La créativité, l’audace et la volonté de réussir seront des paramètres décisifs dans le succès ou non de la mission de préformation d’Elio di Rupo. En particulier, l’attitude des négociateurs francophones y sera déterminante : il faudra sortir des schémas classiques de dépeçage progressif de l’Etat central que nous connaissons depuis les années 70, proposer des améliorations basées sur les principes de bonne gestion et d’efficacité, rejeter les demandes inacceptables ou idéologiques et renforcer l’échelon fédéral. Plus facile à dire qu’à faire ? Certainement. C’est cependant à ce prix seulement que l’on pourra parler d’une réforme de l’Etat équilibrée qui sortira notre pays des crises à répétition que nous connaissons depuis juin 2007 et rendra au monde politique quelques galons de crédibilité. Le tout en gardant le viseur sur l’avenir de nos enfants et sur notre place au sein de l’Europe, qui attend toujours sa nouvelle présidence tournante…

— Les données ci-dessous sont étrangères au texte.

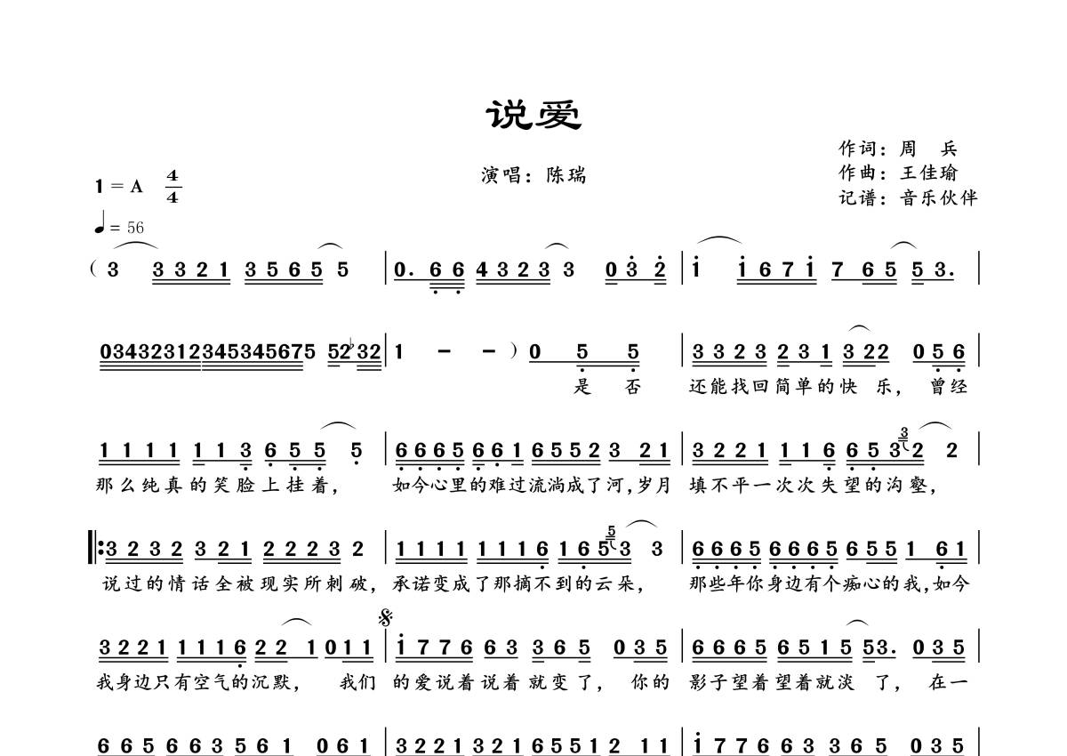 陈瑞《说爱》简谱

Cet article ma laisse une impression mitigée, mon cher Gilles. D'un côté tu te dis défavorable au dépeçage étatique de la Belgique, aux réformes à sens unique, ce qui est tout à fait défendable, mais d'un autre, tu montres que tu es favorable à la dislocations de certaines compétences pour la seule et unique raison qu'il ne faut pas avoir peur (quelle objectivité !).
RépondreSupprimerMais à la lecture du dernier paragraphe, mon sang n'a fait qu'un tour: tu y indiques ne pas être opposé au séparatisme et proposes des scénarios fantaisistes du genre "état wallobru". On dirait que Bplus perd peu à peu son idéologie, puisqu'il milite à présent pour ce contre quoi il luttait intrinsèquement.
Doit-on craindre que Bplus devienne une sorte de "PP bis" ?
Monsieur VDB, sur son site en titre de son dernier article , Belge et fier de l'être vous qualifie de "Judas".
RépondreSupprimerIl refuse par ailleurs tout commentaire allant dans votre sens.
Expliquez-lui, si vous pouvez, que nous ne vivons pas dans un monde de bisounours et effectivement que le doute peut mener à la raison.